66 P.3d 584, 187 Or. App. 152, 2003 Ore. App. LEXIS 507
CourtCourt of Appeals of Oregon
DecidedApril 3, 2003
Docket00-0620-E-1; A114803
StatusPublished
Cited by2 cases

This text of 66 P.3d 584 (Gilinsky v. Sether) is published on Counsel Stack Legal Research, covering Court of Appeals of Oregon primary law. Counsel Stack provides free access to over 12 million legal documents including statutes, case law, regulations, and constitutions.

Bluebook
Gilinsky v. Sether, 66 P.3d 584, 187 Or. App. 152, 2003 Ore. App. LEXIS 507 (Or. Ct. App. 2003).

Opinion

EDMONDS, P. J.

Plaintiff appeals the trial court’s judgment that adjudicated defendants to be the owners of certain property through adverse possession. He argues, in part, that the evidence presented by defendants at trial was insufficient to prove 10 continuous years of open, notorious, and hostile possession of the disputed strips of land before 1990 by clear and convincing evidence.1 We affirm.

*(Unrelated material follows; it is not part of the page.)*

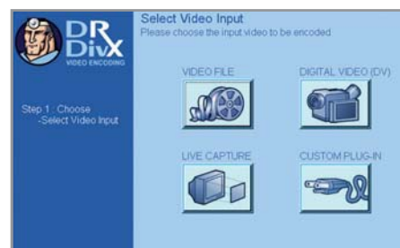
▲ Dr.DivX 1.0.6 — наиболее подходящий вариант для кодирования в формате DivX

DivX дает возможность использовать так называемое однопроходное и двух-

We find the following facts on de novo review. ORS 19.415(3); Brunswick v. Rundell, 126 Or App 582, 585, 869 P2d 886 (1994). All the property at issue is located in a forested rural residential area of Jackson County. The property is not used for agricultural purposes. Like the land in the surrounding area, the subject parcels each consists of several acres and is used as a single family residence.

Plaintiff purchased his undeveloped parcel of land in 1998. The land is forested with dense underbrush. At the time he purchased it, the land had never been developed and showed no signs of human inhabitancy. Plaintiff had a survey done soon after he acquired the land. That survey revealed that the existing fence lines of adjoining properties encroached on his property. The encroachments, evidenced by fence lines, involve four parcels of property, each owned by different defendants: Martin Sether, Robert Bucan, Donald Hess, and Samuel and Bobbe Groves. The fence lines encroach on plaintiffs property as indicated in the following diagram.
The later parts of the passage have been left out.